Билли с нетерпением ждала ежедневных просмотров. Ее воображению, воспитанному на Голливуде, рисовался большой частный просмотровый зал, глубокие кожаные кресла, легкие струйки дыма дорогих сигар, аура избранности и высокого положения, может быть, призрак Ирвинга Тальберга. Действительность же обретала вид ветхого кинотеатрика, пропахшего мочой, с продавленными креслами, на которых, если там еще остались в живых микробы, рискуешь подхватить неприличную болезнь, а изображения на экране непостижимым образом множились. Когда Билли посмотрела одну и ту же сцену четыре или пять раз, причем каждая версия мало чем отличалась от других, и послушала, как Вито, Файфи и Свенберг горячо их обсуждают, словно видят между ними огромные и серьезные различия, эта бесконечная ловля блох начала ее бесить. Почему они не могут прийти к решению без таких мук, неужели никто из них не представляет отчетливо, как все должно выглядеть? Она подозревала, что они раздувают проблемы, потому что каждый хочет в полной мере употребить власть, что они преувеличивают трудности, чтобы каждый мог удовлетворить самолюбие, высказав свою личную творческую точку зрения. Творческую? Ерунда! Они лепят пирожки из глины. Чушь. Чушь. Чушь! В субботу, когда Вито закончил обсуждать с Файфи Хиллом кое-какие изменения в сценарии, он наконец нашел время и для жены. Съемки шли по графику, ежедневные просмотры обещали великий результат, Сандра Саймон и Хью Кеннеди стали любовниками и в жизни, это придавало их совместным сценам потрясающую, сочившуюся с экрана чувственность, которую, как полагал Файфи, даже он не смог бы из них выжать, Свенберг работал с камерой вдохновенно как никогда и, что успокаивало больше всего, сломался генератор. Этого от него ожидали по крайней мере по разу на каждом кадре, и Вито считал, что пусть лучше это случится раньше, чем позже. Все шло своим чередом: бывали и неожиданности, и недоразумения, ошибки и их исправление, напряжение и смех от души, столкновения и примирения, провалы и остроумные озарения, все, как и положено, смешалось, напоминая театральное представление.

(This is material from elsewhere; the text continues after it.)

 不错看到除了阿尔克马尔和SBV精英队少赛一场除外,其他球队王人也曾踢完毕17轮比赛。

— Вито, — отважилась Билли, когда он протянул руки, чтобы посадить ее к себе на колени, — ты не чувствуешь некоторого… нетерпения? — Она чуть не сказала «скуки», но «нетерпение» показалось более подходящим словом: в нем не было упрека.

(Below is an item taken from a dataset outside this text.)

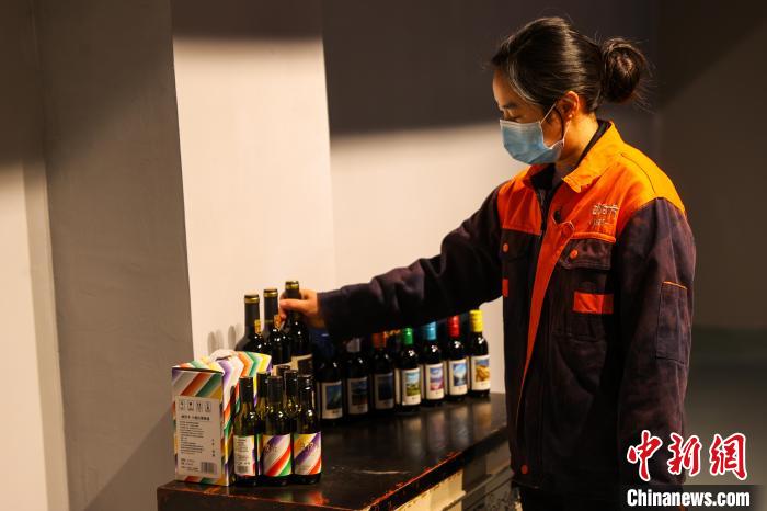 芒康縣在種植葡萄方面有著悠久的歷史,因干熱河谷氣候優(yōu)勢(shì)明顯,紫外線強(qiáng)、光線充足,適宜大面積栽種無公害綠色釀酒葡萄。圖為工作人員檢查瓶儲(chǔ)區(qū)葡萄酒狀態(tài)。中新社記者 薛蒂 攝

— Нетерпения, дорогая? Например, когда?

— Ну, например, когда сломался генератор и вам всем пришлось часа два сидеть и ждать, рока его починят?

«Тогда, например, да и всегда, в каждый бестолковый день», — подумала она.

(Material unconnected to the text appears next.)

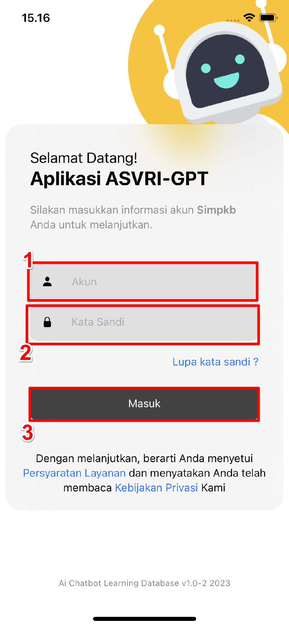Setelah aplikasi terinstall pada perangkat Anda, aplikasi akan menampilkan halaman login.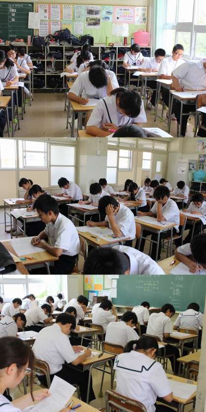 1年  今日は、第2回テスト2日目です。暑い日が続きますが、明日は最終日です。もうひとがんばりです。

— Да. Это меня всегда бесит до чертиков. Но, в общем, это неважно, в конце концов, все это дело так скучно, что часом больше, часом меньше — в целом не имеет значения.

— Скучно?!

— Конечно, милая. Дорогая, милая Билли. Положи голову сюда, ко мне на колени. О, как хорошо! Снимать фильм — самое скучное занятие во всем кинопроизводстве.

— Но не похоже, что тебе скучно! Ты не выглядишь скучающим! Я хочу сказать, ты полностью поглощен этим делом… Я ничего не понимаю… — Билли подняла голову с теплого гнездышка между его колен и удивленно посмотрела на него.

— Знаешь, все просто. Это скучно, но я не скучаю.

— Не понимаю.

— Приведу пример. Это как беременность. Ни одна женщина не сможет сказать, что большую часть времени из девяти месяцев она умирает от скуки, но разве можно день и ночь думать о «чуде рождения»? И вот ребенок время от времени начинает толкаться в животе, и это восхитительно, это волнует, это реальность. И женщина все время становится больше и больше, это тоже ужасно интересно, и в конце концов появляется ребенок. Так что это, в общем, скучно, но она не скучает. И вообще самое интересное начинается позже, после съемок, при монтаже и перезаписи. — Казалось, он очень доволен собой и своим объяснением.

— Прекрасно понимаю, — сказала Билли, и это была правда. Значит, Вито — и отец и мать фильма, а она даже не родственница, если не считать замужество.

Бред. Ну и бред. Мужчина, которого она любит, проводит свою жизнь за делом, которое делает лучше всего, а она задыхается от обиды. Вся эта болтовня о детях… Какого черта Вито понимает в беременности? Снимать кино — работа для детей и психов, одержимых общим заблуждением, что они создают произведение искусства. Может быть, Вито и не скучает, но ей-то скучно, скучно, скучно до зевоты, раздирающей челюсти.